- [Records for processing]:
»»
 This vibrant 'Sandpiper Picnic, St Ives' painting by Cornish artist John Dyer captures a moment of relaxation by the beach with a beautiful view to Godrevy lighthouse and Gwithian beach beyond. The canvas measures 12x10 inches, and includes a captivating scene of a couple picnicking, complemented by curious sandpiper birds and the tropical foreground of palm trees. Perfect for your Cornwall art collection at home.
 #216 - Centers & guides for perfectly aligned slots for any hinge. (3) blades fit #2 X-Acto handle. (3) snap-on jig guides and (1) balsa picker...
««
»»
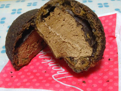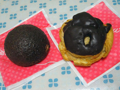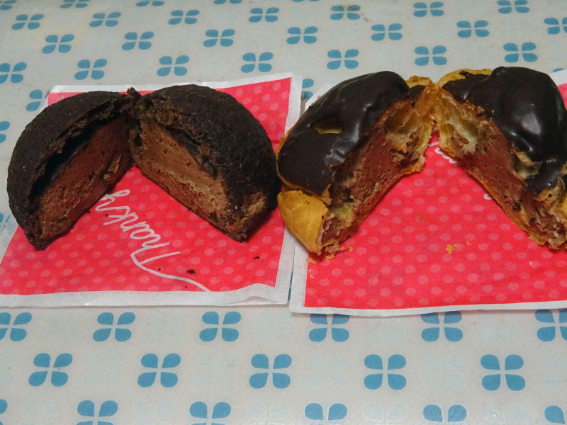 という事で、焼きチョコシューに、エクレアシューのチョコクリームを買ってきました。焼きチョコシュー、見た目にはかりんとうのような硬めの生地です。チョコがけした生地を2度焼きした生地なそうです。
««
- [What you need to do]:
The listing above holds a line with "This vibrant 'Sandpiper" and a line with "#216 - Centers". Print the stretch from the first through the second, exactly and alone.

- [Response box]:
 This vibrant 'Sandpiper Picnic, St Ives' painting by Cornish artist John Dyer captures a moment of relaxation by the beach with a beautiful view to Godrevy lighthouse and Gwithian beach beyond. The canvas measures 12x10 inches, and includes a captivating scene of a couple picnicking, complemented by curious sandpiper birds and the tropical foreground of palm trees. Perfect for your Cornwall art collection at home.
 #216 - Centers & guides for perfectly aligned slots for any hinge. (3) blades fit #2 X-Acto handle. (3) snap-on jig guides and (1) balsa picker...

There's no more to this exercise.